John Koblin of Women’s Wear Daily has an update on Wired magazine’s strong iPad sales, and the loss of its creative director.
Koblin writes, “Condé Nast ‘It’ boy Scott Dadich has resigned as creative director at Wired to focus full time on his other gig as the company’s executive director of digital-magazine development. Dadich got his corporate job back in July and has divided his time over the last three months, designing the print edition of Wired at its San Francisco offices and tutoring magazine editors at 4 Times Square in New York on how to merge their print products with those mysterious and magical digital devices.
“Dadich, who Condé executives are banking on to yank the company into the New Media era, helped the publisher forge a relationship with Adobe, which has been used to design apps for tablet devices. So far, Adobe has helped create the Wired and New Yorker iPad apps, while magazines like Vanity Fair, GQ and Glamour have been working with Condé Nast Digital.

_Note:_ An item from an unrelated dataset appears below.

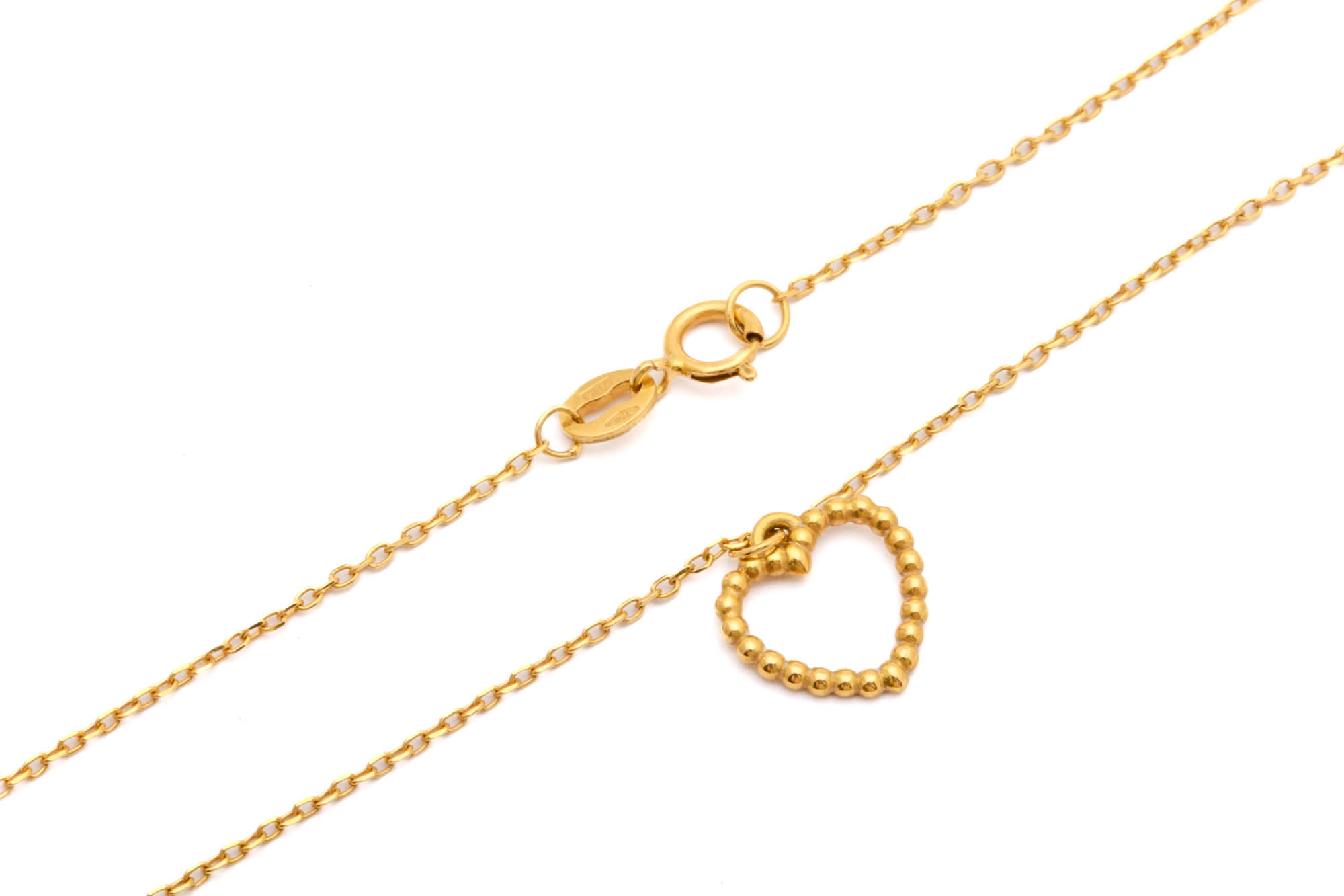 HALSSMYCKE MED HJÄRTA, LÅSBAR I TVÅ LÄNGDER: 42 & 45CM, BREDD: 0,8MM, HJÄRTATS MÅTT: 10x9MM / 18K 1,5G – TILLV. GULDFYNDGRUPPEN

Sources have said the Adobe track is becoming the preferred one among Condé Nast executives — meaning future apps will likely use that platform.
“And just how are those digital issues performing? After Wired’s enormous first month in June, when it sold 100,000 copies — an even better result than the usual 76,000 it sells off the newsstand — sales have been about a quarter of that. In July and August, the Wired iPad app sold 31,000 and 28,000 copies, respectively, according to the Audit Bureau of Circulations Rapid Report. A Wired spokeswoman confirmed the magazine has sold an average of roughly 30,000 copies since the June release.”